Task ->
Below is a listing; retype exactly the lines between the one containing "RGB диско-шар, освещение" and the one containing "培训伊始,志愿部部长向同学们", inclusive, minus the pictures.

Entries provided ->
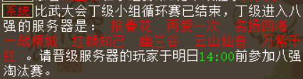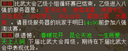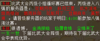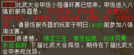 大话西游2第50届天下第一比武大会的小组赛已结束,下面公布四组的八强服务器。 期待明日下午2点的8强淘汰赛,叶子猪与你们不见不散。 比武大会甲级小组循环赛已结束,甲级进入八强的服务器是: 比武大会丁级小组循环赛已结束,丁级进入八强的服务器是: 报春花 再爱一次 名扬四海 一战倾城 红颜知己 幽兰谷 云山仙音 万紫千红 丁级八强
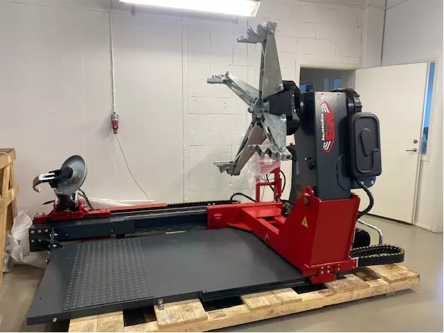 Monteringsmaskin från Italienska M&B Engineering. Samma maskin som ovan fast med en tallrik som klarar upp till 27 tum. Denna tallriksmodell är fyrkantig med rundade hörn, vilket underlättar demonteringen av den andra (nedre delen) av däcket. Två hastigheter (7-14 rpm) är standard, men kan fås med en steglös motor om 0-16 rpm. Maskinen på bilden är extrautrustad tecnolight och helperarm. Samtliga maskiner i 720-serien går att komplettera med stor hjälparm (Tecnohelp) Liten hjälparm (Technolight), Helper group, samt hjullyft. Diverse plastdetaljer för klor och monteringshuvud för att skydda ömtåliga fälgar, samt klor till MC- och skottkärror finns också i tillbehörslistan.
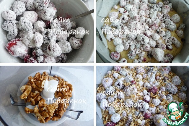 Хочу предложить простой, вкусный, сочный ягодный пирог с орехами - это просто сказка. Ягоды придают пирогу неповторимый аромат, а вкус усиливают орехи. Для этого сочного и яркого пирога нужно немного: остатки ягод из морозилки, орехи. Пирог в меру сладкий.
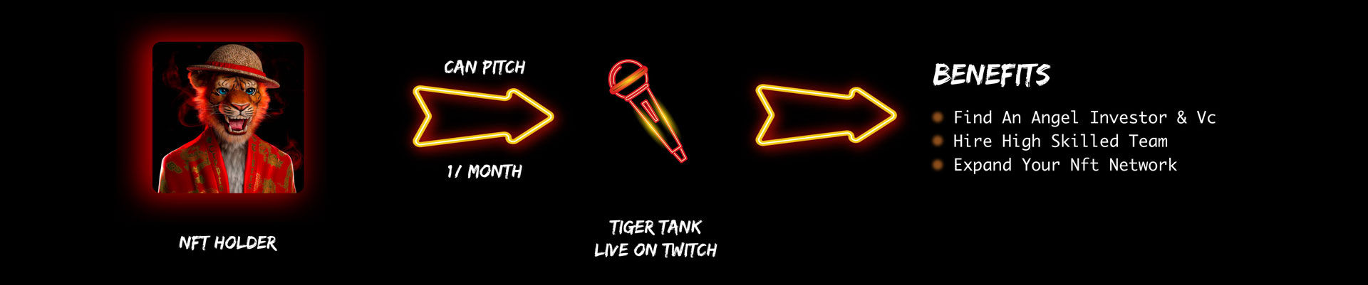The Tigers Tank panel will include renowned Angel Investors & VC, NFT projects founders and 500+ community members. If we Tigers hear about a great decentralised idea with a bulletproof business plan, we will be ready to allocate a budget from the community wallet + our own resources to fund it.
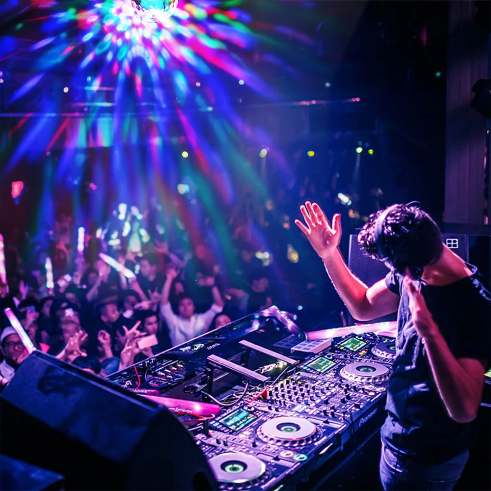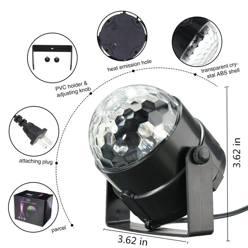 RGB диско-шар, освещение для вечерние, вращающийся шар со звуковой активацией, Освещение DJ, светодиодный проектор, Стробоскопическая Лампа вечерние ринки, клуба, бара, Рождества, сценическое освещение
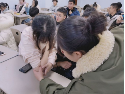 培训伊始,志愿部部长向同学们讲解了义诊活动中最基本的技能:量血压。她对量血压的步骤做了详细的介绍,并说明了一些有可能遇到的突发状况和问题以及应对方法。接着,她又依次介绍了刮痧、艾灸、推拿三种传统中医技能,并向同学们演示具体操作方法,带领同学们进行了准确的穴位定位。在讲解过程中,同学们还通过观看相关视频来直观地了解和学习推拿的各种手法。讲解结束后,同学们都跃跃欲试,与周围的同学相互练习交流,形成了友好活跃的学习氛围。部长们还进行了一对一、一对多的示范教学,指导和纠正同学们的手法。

==

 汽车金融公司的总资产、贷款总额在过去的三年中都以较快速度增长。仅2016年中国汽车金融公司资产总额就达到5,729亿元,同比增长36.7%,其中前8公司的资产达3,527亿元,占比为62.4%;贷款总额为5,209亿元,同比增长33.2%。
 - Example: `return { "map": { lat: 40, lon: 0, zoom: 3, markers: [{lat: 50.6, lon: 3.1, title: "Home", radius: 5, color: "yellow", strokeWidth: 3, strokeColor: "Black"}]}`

Written solution ->
 RGB диско-шар, освещение для вечерние, вращающийся шар со звуковой активацией, Освещение DJ, светодиодный проектор, Стробоскопическая Лампа вечерние ринки, клуба, бара, Рождества, сценическое освещение
 培训伊始,志愿部部长向同学们讲解了义诊活动中最基本的技能:量血压。她对量血压的步骤做了详细的介绍,并说明了一些有可能遇到的突发状况和问题以及应对方法。接着,她又依次介绍了刮痧、艾灸、推拿三种传统中医技能,并向同学们演示具体操作方法,带领同学们进行了准确的穴位定位。在讲解过程中,同学们还通过观看相关视频来直观地了解和学习推拿的各种手法。讲解结束后,同学们都跃跃欲试,与周围的同学相互练习交流,形成了友好活跃的学习氛围。部长们还进行了一对一、一对多的示范教学,指导和纠正同学们的手法。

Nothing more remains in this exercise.